Work instruction:
Among the entries below, retype exactly the lines starting with the one with "Đứng trên đỉnh" and going on through the one with "Samsung GALAXY Note9", but not the pictures.

Materials provided:

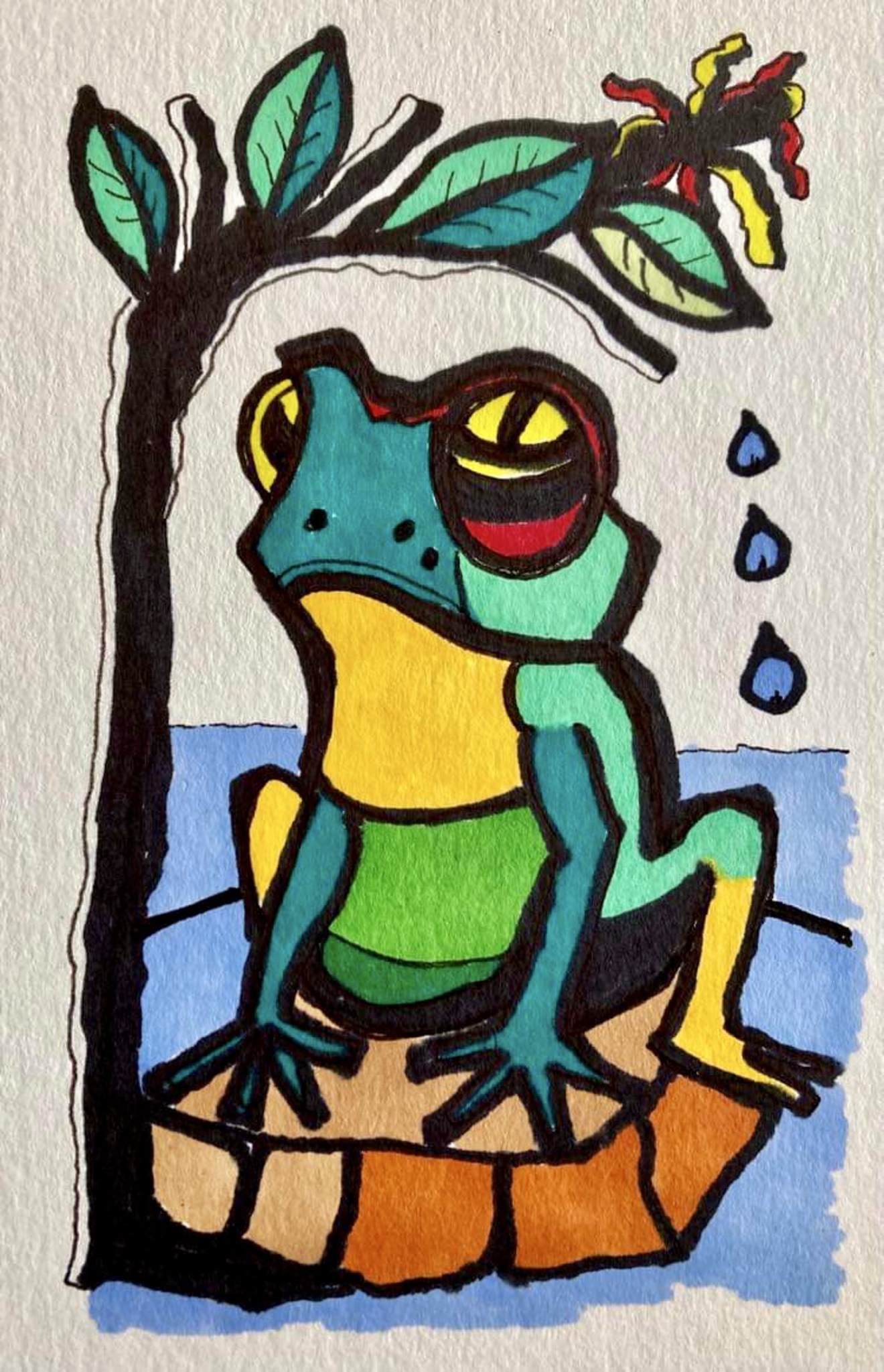 Groen Tekening Kikker Boom Kaart Vijver Correspondentie
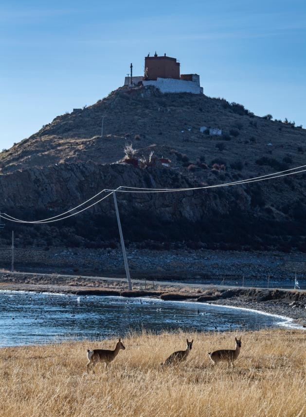 Đứng trên đỉnh của chùa, bạn có thể nhìn thấy những con linh dương Tây Tạng chạy nhảy tự do và những đàn ngỗng hoang bơi lội trong hồ.
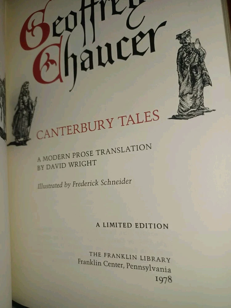 The product is a limited edition leather-bound version of Geoffrey Chaucer's "Canterbury Tales," published by Franklin Library in 1978. The book is specifically designed for collectors and enthusiasts of literature, as it is a special and unique edition that showcases the classic work in a high-quality format. The binding is made of leather, adding to the luxurious and prestigious feel of the book, making it a valuable addition to any collection of literary works.
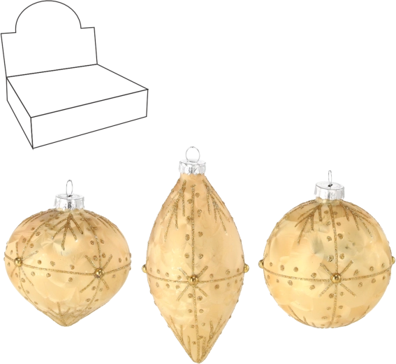 Élégantes boules de Noël en verre dans une luxueuse teinte dorée qui apporteront un véritable éclat à votre sapin. Le set combine un mélange de formes pour un effet saisissant : boules rondes de 8 cm de diamètre et décorations allongées de 6 × 13 cm. Les détails décorés à la main et le design doré classique soulignent l’atmosphère festive et s’harmonisent facilement avec le reste de votre décoration.
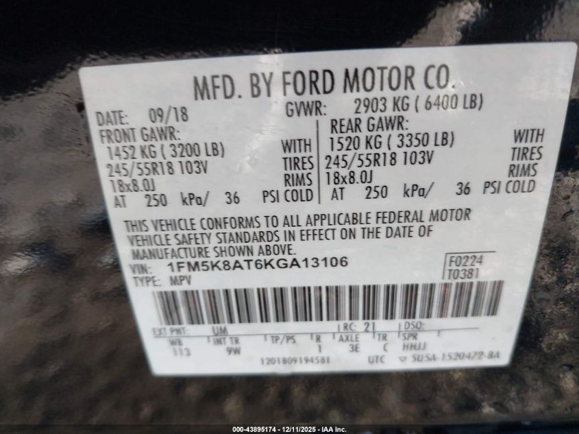 Цвет ЧерныйЦилиндры 6Привод Полный приводVIN 1FM5K8AT6KGA13106Состояние Заводится и едет (проверено)Повреждения Передняя или задняя
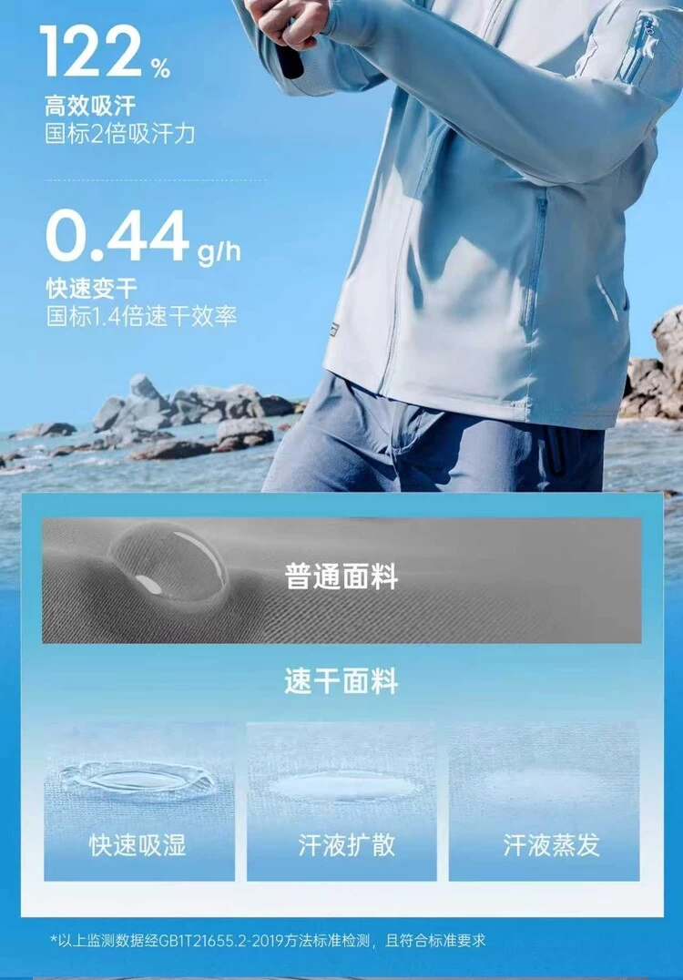 普通户外服针对动态运动设计,运动时空气流动大,身体处理相对干燥状态,对速干需求较低,速干性能一般为0.3g/h。而垂钓时,日晒、水边水汽又大,风又较小,汗液分泌多,且静止状态下衣物不易干燥。
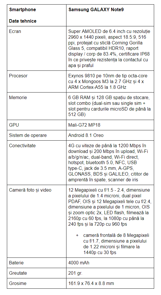 Samsung GALAXY Note9 are un preț ce-l recomandă. Este un telefon complet din multe puncte de vedere, dar lasă și impresia că Samsung a jucat la siguranță și a lăsat revoluția pentru generația viitoare de S10, S10 Plus și Note 10 (asta că tot a fost un zvon că s-ar putea ca Note9 să fie ultima generația din această linie de terminale, adevărul este că în afară de stylus nu prea sunt alte elemente care să-l individualizeze major față de GALAXY S).
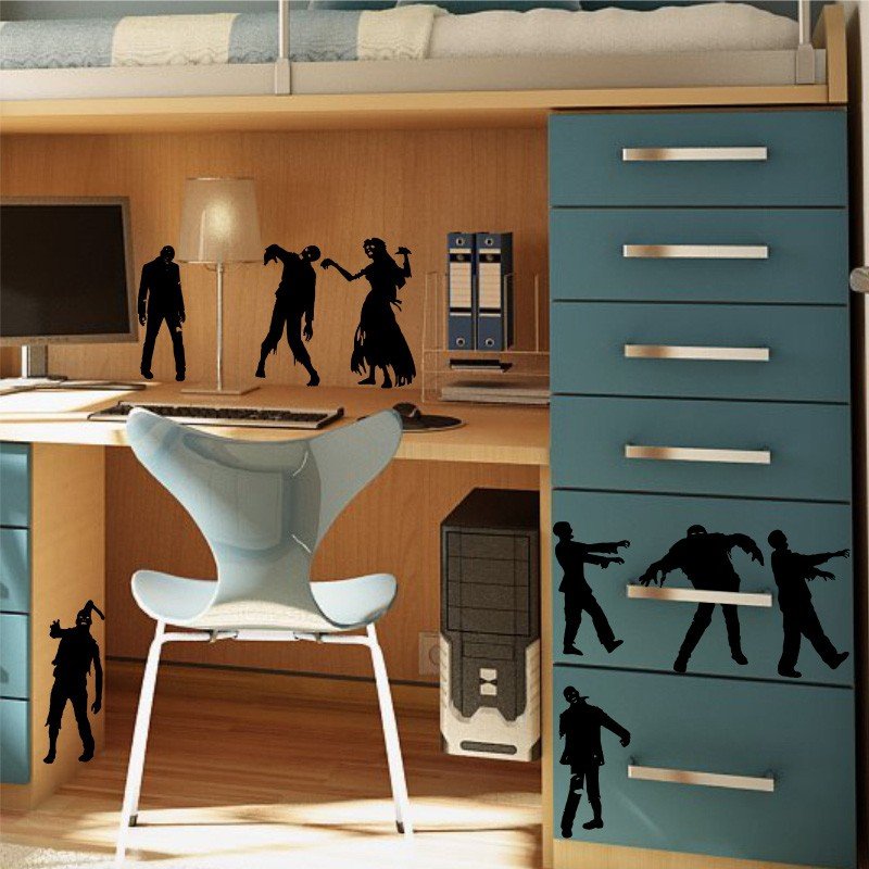 Este modelo, Adesivo de Parede Zumbis, pode ser usado em praticamente qualquer superfície lisa, pode ser utilizado para decorar quarto infantil, sala, sala de estar, sala de tv, cozinha, hall de entrada, quarto de casal, bar, espaço gourmet, cabeceira de cama, escritório, banheiro, box de banheiro, etc...
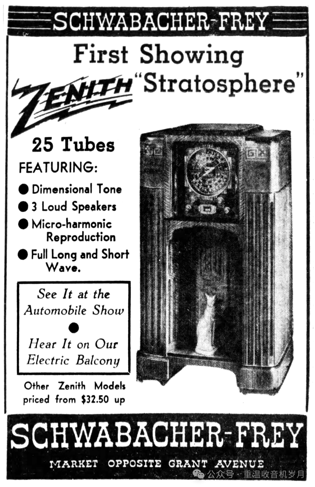 25管Zenith Stratosphere广告,来自《The San Francisco Examiner》1935年1月22日第18版。
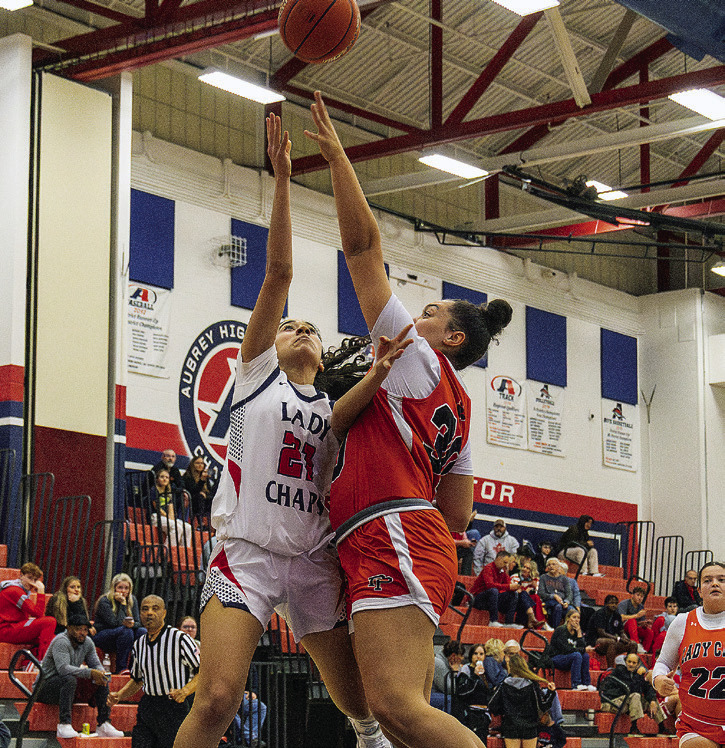 Lady Chaps forward Evelyn Retana is met at the rim by Lady Cats defender Alliyah Smith. Martin Edwards/ The Post-Signal
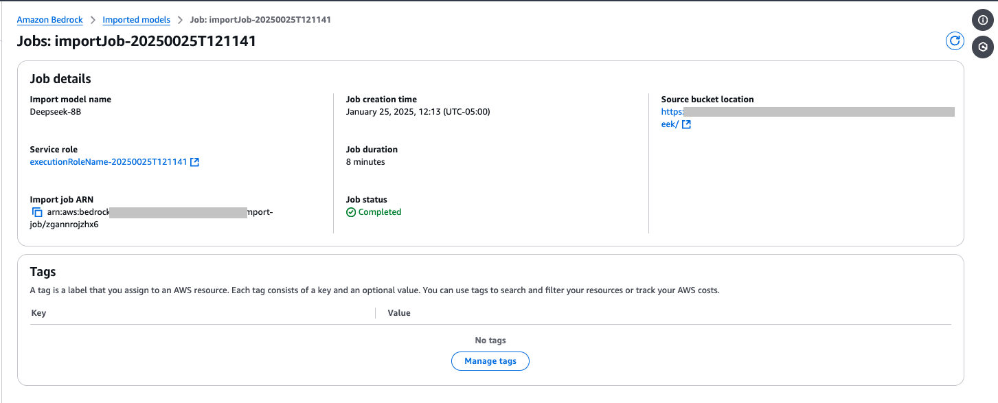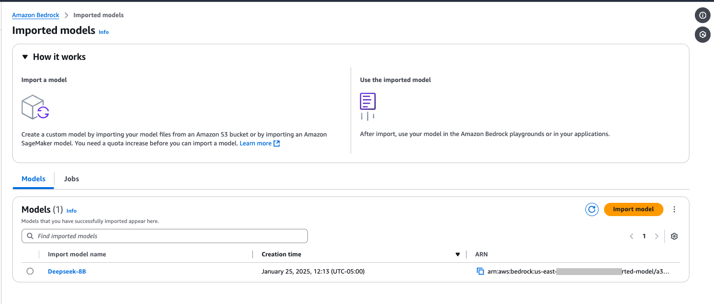 模型导入时间因导入的模型而异,可能需要几分钟(例如,Distill-Llama-8B 模型可能需要 5-20 分钟才能完成)。
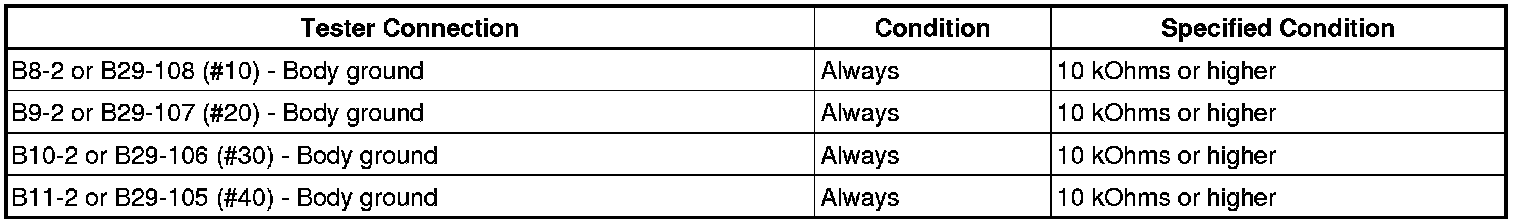 OK -- PROCEED TO NEXT CIRCUIT INSPECTION SHOWN IN PROBLEM SYMPTOMS TABLE
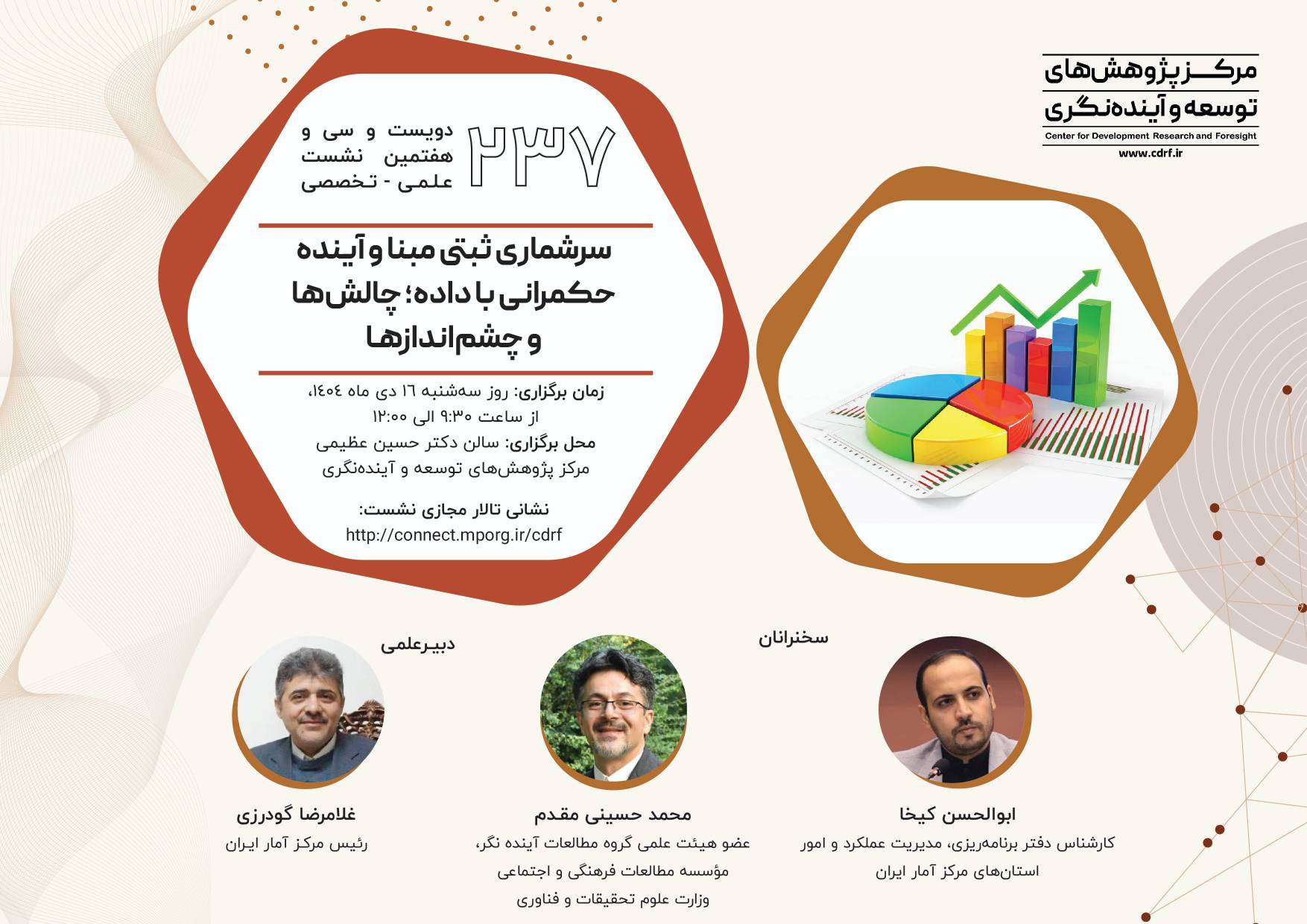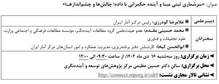 نشست علمی سرشماری ثبتی مبنا آینده حکمرانی با داده ۱۴ دی ۱۴۰۴ | ۱۰:۲۱ کد : ۵۷۴۱۸ اطلاعیه ارسال به دیگران نام شما ایمیل شما ایمیل دریافتکننده ارسال انصراف تعداد بازدید:۷۹۱ دویست وسی وهفتمین نشست علمی - تخصصی با عنوان سرشماری ثبتی مبنا آینده حکمرانی با داده، چالش ها وچشم اندازها

Task solution:
 Đứng trên đỉnh của chùa, bạn có thể nhìn thấy những con linh dương Tây Tạng chạy nhảy tự do và những đàn ngỗng hoang bơi lội trong hồ.
 The product is a limited edition leather-bound version of Geoffrey Chaucer's "Canterbury Tales," published by Franklin Library in 1978. The book is specifically designed for collectors and enthusiasts of literature, as it is a special and unique edition that showcases the classic work in a high-quality format. The binding is made of leather, adding to the luxurious and prestigious feel of the book, making it a valuable addition to any collection of literary works.
 Élégantes boules de Noël en verre dans une luxueuse teinte dorée qui apporteront un véritable éclat à votre sapin. Le set combine un mélange de formes pour un effet saisissant : boules rondes de 8 cm de diamètre et décorations allongées de 6 × 13 cm. Les détails décorés à la main et le design doré classique soulignent l’atmosphère festive et s’harmonisent facilement avec le reste de votre décoration.
 Цвет ЧерныйЦилиндры 6Привод Полный приводVIN 1FM5K8AT6KGA13106Состояние Заводится и едет (проверено)Повреждения Передняя или задняя
 普通户外服针对动态运动设计,运动时空气流动大,身体处理相对干燥状态,对速干需求较低,速干性能一般为0.3g/h。而垂钓时,日晒、水边水汽又大,风又较小,汗液分泌多,且静止状态下衣物不易干燥。
 Samsung GALAXY Note9 are un preț ce-l recomandă. Este un telefon complet din multe puncte de vedere, dar lasă și impresia că Samsung a jucat la siguranță și a lăsat revoluția pentru generația viitoare de S10, S10 Plus și Note 10 (asta că tot a fost un zvon că s-ar putea ca Note9 să fie ultima generația din această linie de terminale, adevărul este că în afară de stylus nu prea sunt alte elemente care să-l individualizeze major față de GALAXY S).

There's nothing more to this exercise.